CUH nursing students aid “victims” in mock disaster event


Chaminade nursing students assess each victim carefully durning the mock disaster event.

Organized chaos at the Henry Hall Courtyard drew a crowd of students and staff who witnessed the mock disaster event put on by the Chaminade University of Honolulu nursing department on Thursday.

Senior nursing students, forensic science students and Chaminade staff gathered around the courtyard at 10 a.m. when an artificial bomb went off injuring 15 “victims.”

The mock disaster was a simulation event that helped 51 CUH nursing seniors gain hands-on experience if an event like this were to happen in real life. Students had to respond to victims injured by a bomb filled with nuts and bolts left in an unattended backpack.

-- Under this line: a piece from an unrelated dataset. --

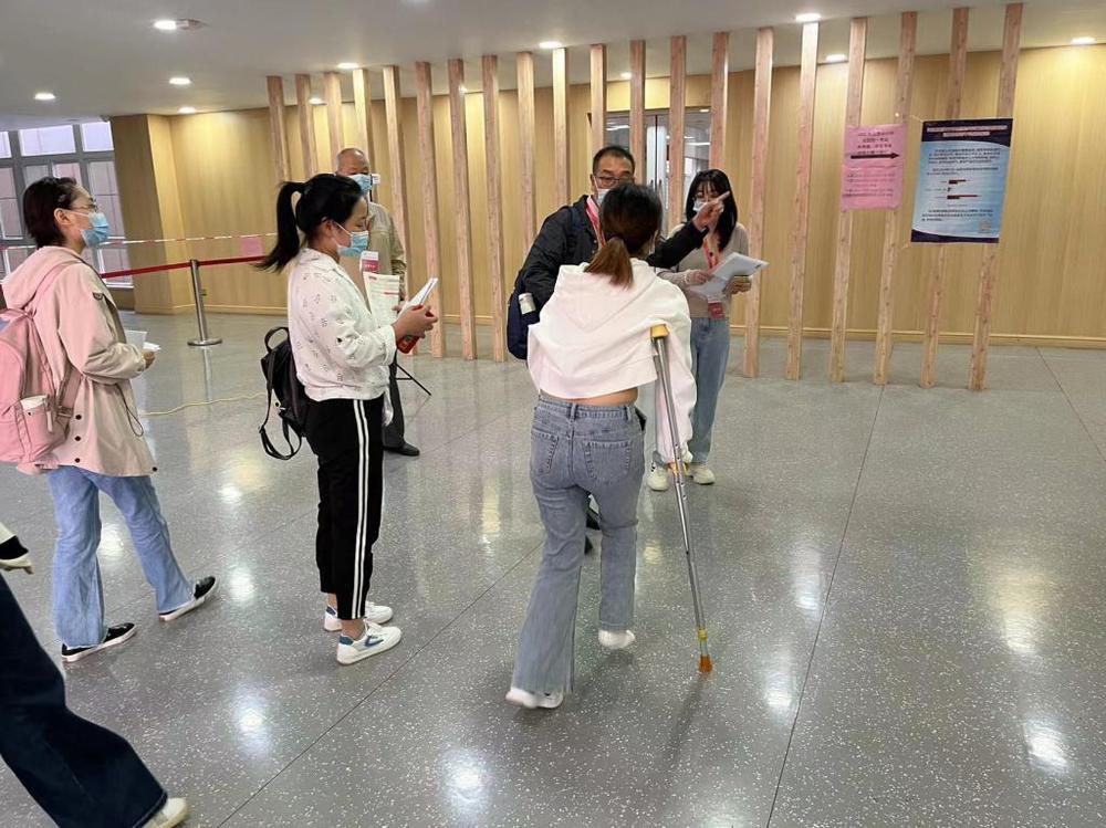 培華學(xué)院考點,23日一大早,一個拄著拐杖的考生出現(xiàn)在巡考工作人員的視線中。由于考試時間臨近,考生行動極為不便,在上前詢問考生的情況后,巡考工作人員立即幫忙并引導(dǎo)該名考生進入考場。

“The event was to prepare us for an actual disaster,” said senior Chelsea Lynn McKee, incident commander.

Before the event took place, nursing faculty met in CT Ching Conference Center at 9:30 a.m. to tie color ribbons to themselves distinguishing the different groups and jobs.

During the event, victims screamed for help while nursing students ran frantically around the mock scene tending to each one. The students made sure to assess each injured individual accordingly.

When a CUH faculty member yelled to “set up triage,” students broke out medical supplies, and forensic students ran on scene and began collecting evidence.

After nurses diagnosed victims, they were transported to color coordinated mats based on their injury severities.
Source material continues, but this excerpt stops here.